Atendimento psicológico para famílias enlutadas é essencial na prevenção de transtornos mentais, alertam especialistas

Nova Política Nacional de Humanização do Luto Materno e Parental busca garantir acolhimento às famílias após a perda de bebês, mas enfrenta desafios com falta de profissionais e estrutura no sistema de saúde.

Foto: Tomaz Silva/Agência Brasil.

A ausência de atendimento para famílias enlutadas depois de perderem um bebê na gestação, no parto ou logo após o nascimento pode desencadear casos de depressão e ansiedade, além de aumentar a pressão sobre o já sobrecarregado sistema de saúde. A avaliação é da diretora da organização não governamental Prematuridade, Denise Suguitani, que há 11 anos oferece acolhimento a mães, pais e avós que vivem o luto materno e parental.

"O nosso entendimento é que essas famílias, quando não são acolhidas, geram uma demanda para o sistema do ponto de vista de saúde mental", afirmou Suguitani. A ONG atua com foco em bebês prematuros, uma das principais causas de morte neonatal.

Segundo ela, o suporte emocional imediato é essencial. "Se as famílias não são acolhidas naquele primeiro momento adequadamente, para poder processar o luto, isso vai se acumulando e gera demandas de atendimento, de internação, que poderiam ser minimizadas”, completou.

Uma das principais recomendações da nova Política Nacional de Humanização do Luto Materno e Parental, em vigor desde agosto, é o atendimento psicológico após a alta hospitalar, preferencialmente realizado na residência da família enlutada ou na unidade de saúde mais próxima. No entanto, a falta de profissionais ainda é um obstáculo para a aplicação efetiva da norma.

Em Roraima, a representante da organização Amada Helena, Janynnie Matos de Freitas, confirma essa dificuldade. “Eu fui conversar, orientei, falei sobre o atendimento online das nossas entidades, mas também do serviço de psicologia do programa de saúde da família. No hospital, a demanda é alta, e o atendimento é difícil”, relatou. Ela defende que a política seja aplicada em todo o país. “A estratégia de saúde da família tem trabalhado muito essa questão junto com a assistência social, mas ainda é pouco. Pai, avô, avó, a família toda sofre”, reforçou.

Especialistas afirmam que o acolhimento humanizado desde o momento da perda reduz o sofrimento psicológico de longo prazo. Outros pontos da lei também contribuem, como a investigação da causa da morte, o direito à despedida e a possibilidade de registrar e enterrar os bebês.

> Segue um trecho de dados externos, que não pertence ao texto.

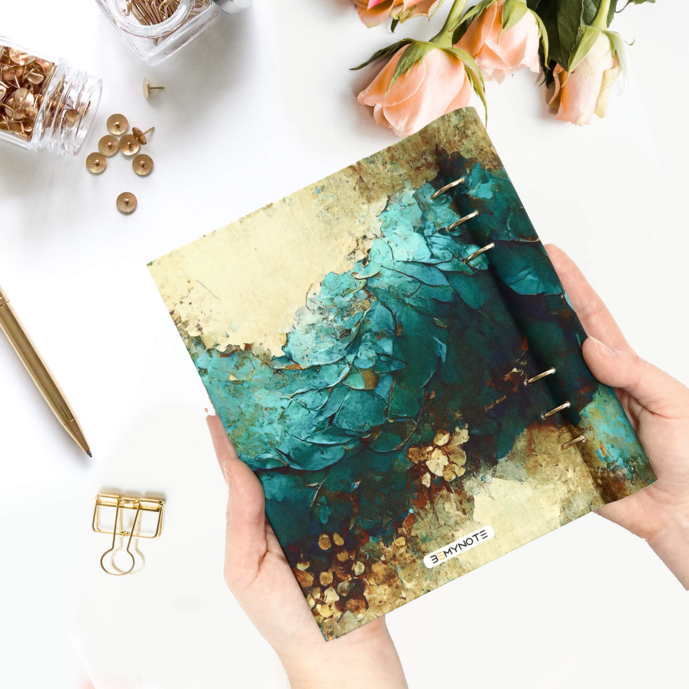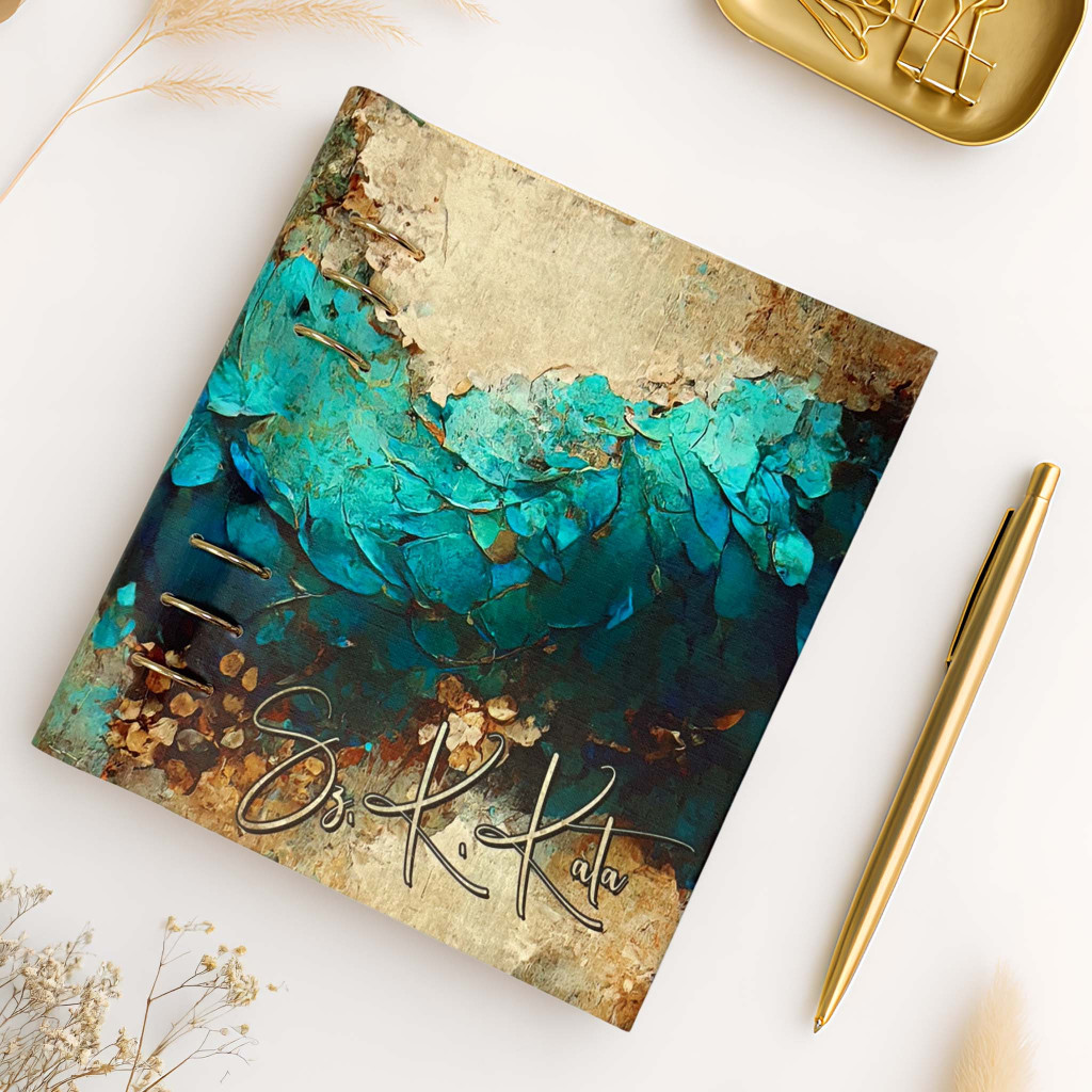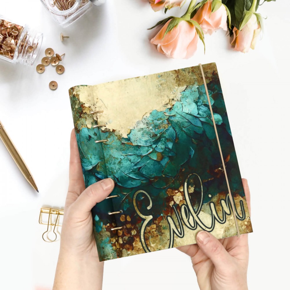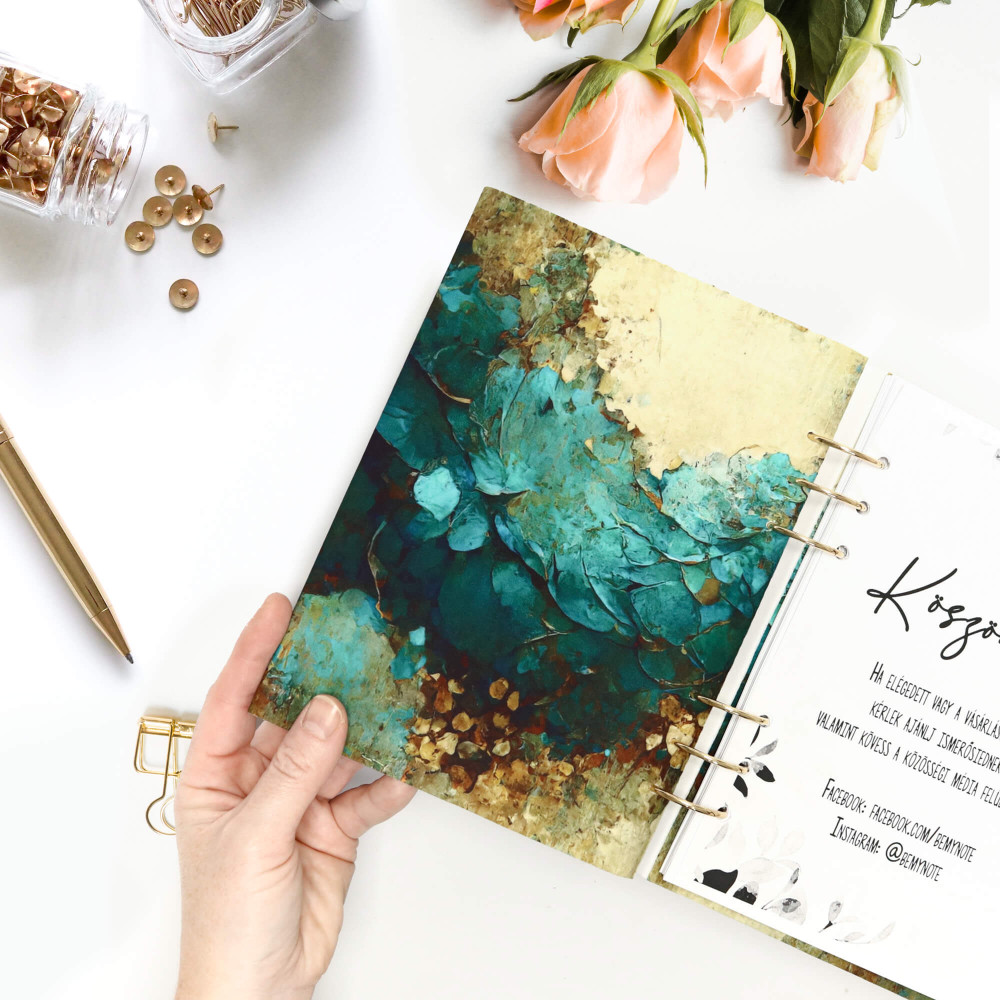 Nagyon különleges türkiz zöld alapon arany hatású egyedi névre szóló gyűrűs határidőnapló 2026 évre A5, B6 vagy A6 méretben. Ez a személyre szóló naptár nyitható gyűrűkkel, kemény fedelű, de puha tapintású félbehajtható borítóval és cserélhető lapokkal készül megrendelésre.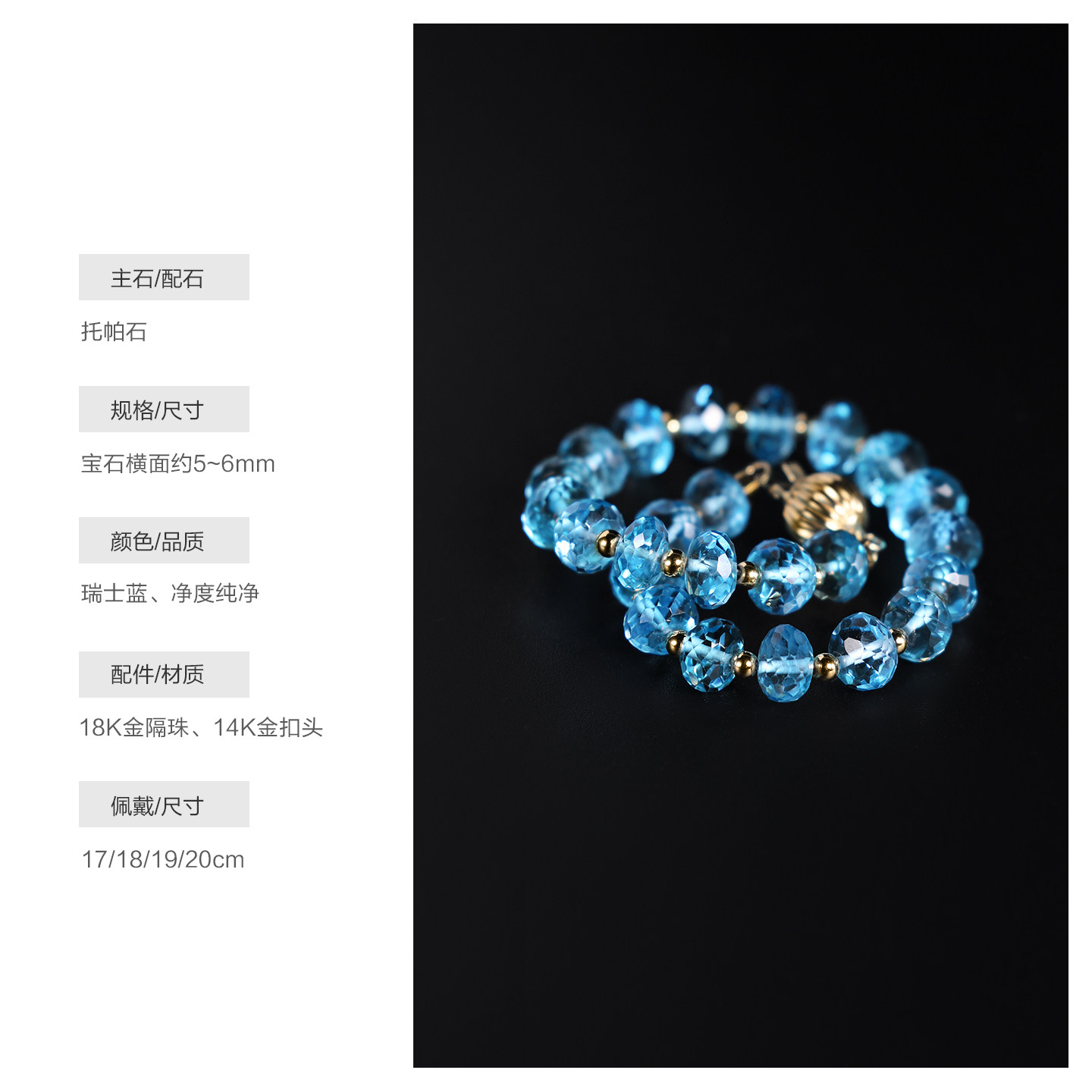 若华珠宝冰灵=瑞士蓝托帕石手链女18K金彩宝手串小众设计手饰礼物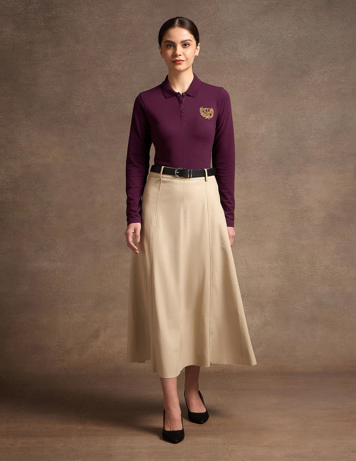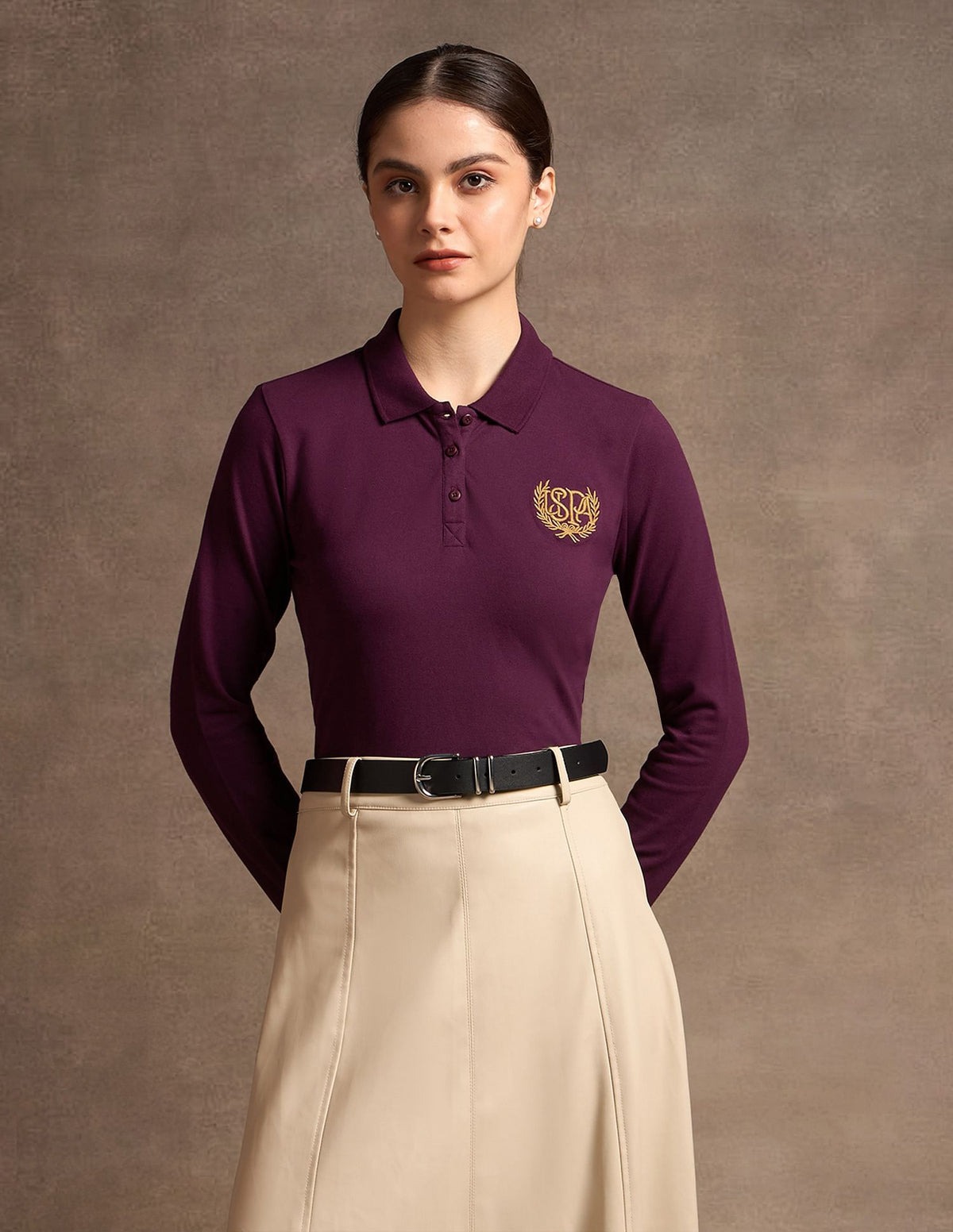 | Polo collar | Embroidered logo at chest | Short button placket | Long sleeves | Straight hemline | Solid pattern | Pique knit | Regular fit | Country Of Origin - India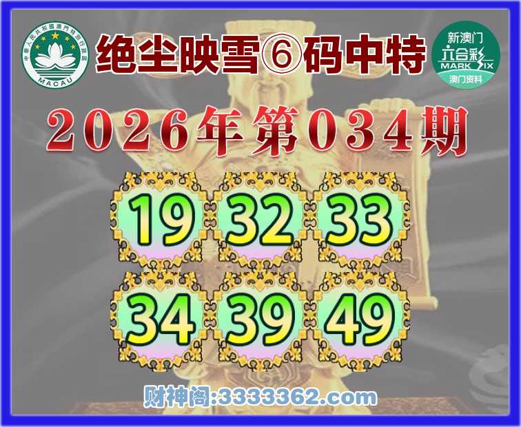 034期:『绝尘映雪』  ♣️⑥码中特 ♣️【19.32.33.34.39.49】开:19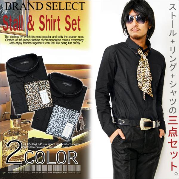 - RMANICA豹柄ストール付きドレスシャツ新品黒イエローL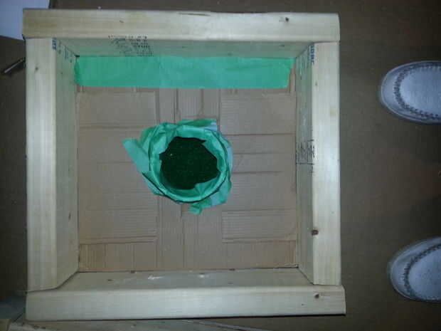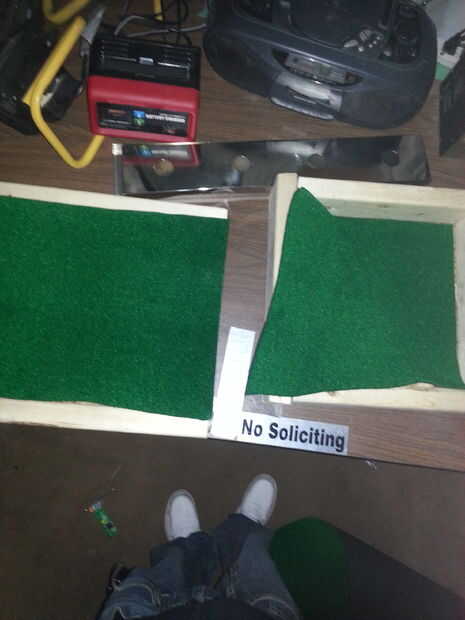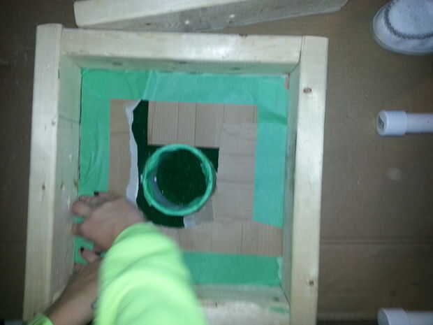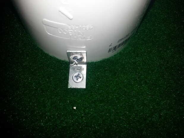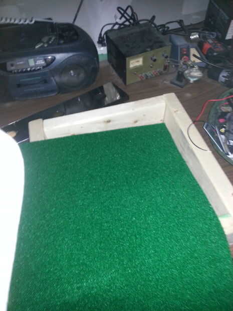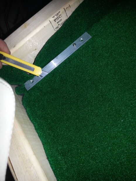 Cortar la alfombra verde al tamaño de la parte inferior del juego de arandela. Usé pegamento para fijarlo. Para fijar el pvc usé L dos soportes y atornillado el pvc hasta la parte inferior del juego de arandela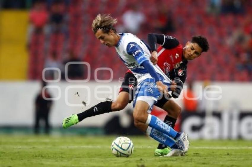GUADALAJARA, Jal. 20 Agosto 2022.- Jugada del partido entre Atlas y Club Puebla correspondiente a la jornada 10 del torneo Apertura 2022 celebrado en el estadio Jalisco. //Francisco Guasco/Agencia Enfoque//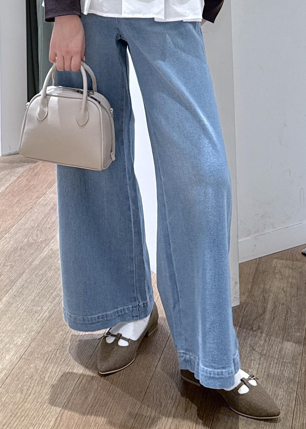 ワイドなシルエットですが、裾が広がりすぎないため綺麗めなコーディネートにも合わせやすいです。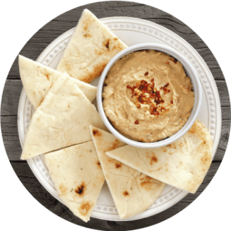Whole-grain pita and 2 spoonfuls of hummus.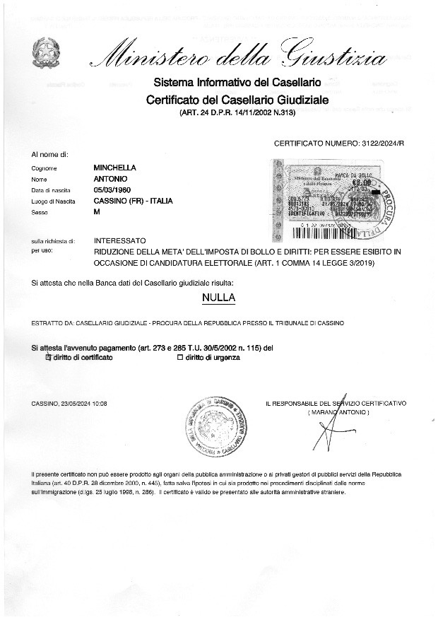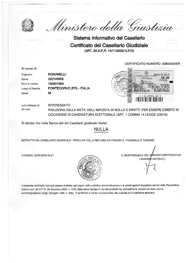 Candidate for mayor: Sebastianelli Giuseppe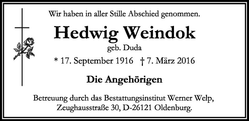 Hier finden Sie alle Traueranzeigen aus der Zeitung, die bisher für Hedwig Weindok erschienen sind. Weitere Traueranzeigen, die in der Zeitung erscheinen, werden hier ebenfalls aufgelistet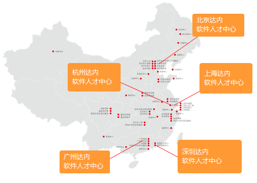 达内集团在北、上、广、深、杭5大核心城市设立了软件人才中心,辐射全国50多个城市,100多个就业服务中心,形成了覆盖全国的就业服务网络。实现了“一点受理,全国联动”,“一地学习,全国就业”的就业服务理念。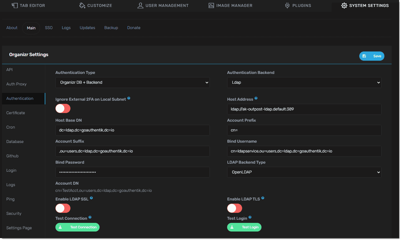 Authentication Type: Organizr DB + Backend Authentication Backend: Ldap Host Address: <LDAP Outpost IP address:port> Host Base DN: dc=ldap,dc=goauthentik,dc=io Account Prefix: cn= Account Suffix: ,ou=users,dc=ldap,dc=goauthentik,dc=io Bind Username: cn=ldapservice,ou=users,dc=ldap,dc=goauthentik,dc=io Bind Password: <LDAP bind account password> LDAP Backend Type: OpenLDAP

A psicóloga Marisa Sanchez, especialista em saúde mental perinatal, destacou em nota que “a despedida mais respeitosa, na qual os pais tenham apoio para criar lembranças afetivas, tais como fotos, ou possam guardar digitais, o cordão umbilical ou uma mantinha, sempre respeitando os limites e desejo de cada um”, é fundamental para o processo de luto.

A nova lei também estabelece outubro como o mês de referência para ações voltadas à humanização do luto materno e parental. Entre as medidas previstas estão a separação de alas em maternidades para mães enlutadas, a presença de acompanhante durante o parto, mesmo quando o bebê já faleceu, e o direito de sepultar ou cremar o bebê conforme as crenças da família.

Ao sancionar a política, o ministro da Saúde, Alexandre Padilha, afirmou que a pasta trabalharia na adaptação dos hospitais públicos. “O Ministério da Saúde vai ter uma política para isso. Terá ações para apoiar essa reorganização, que vai ser muito positiva para a humanização das maternidades”, declarou.

Em nota mais recente, o ministério informou que a implementação da política é um processo gradual e articulado, com estados e municípios, e envolve adequações organizacionais, formação de profissionais e integração dos fluxos assistenciais.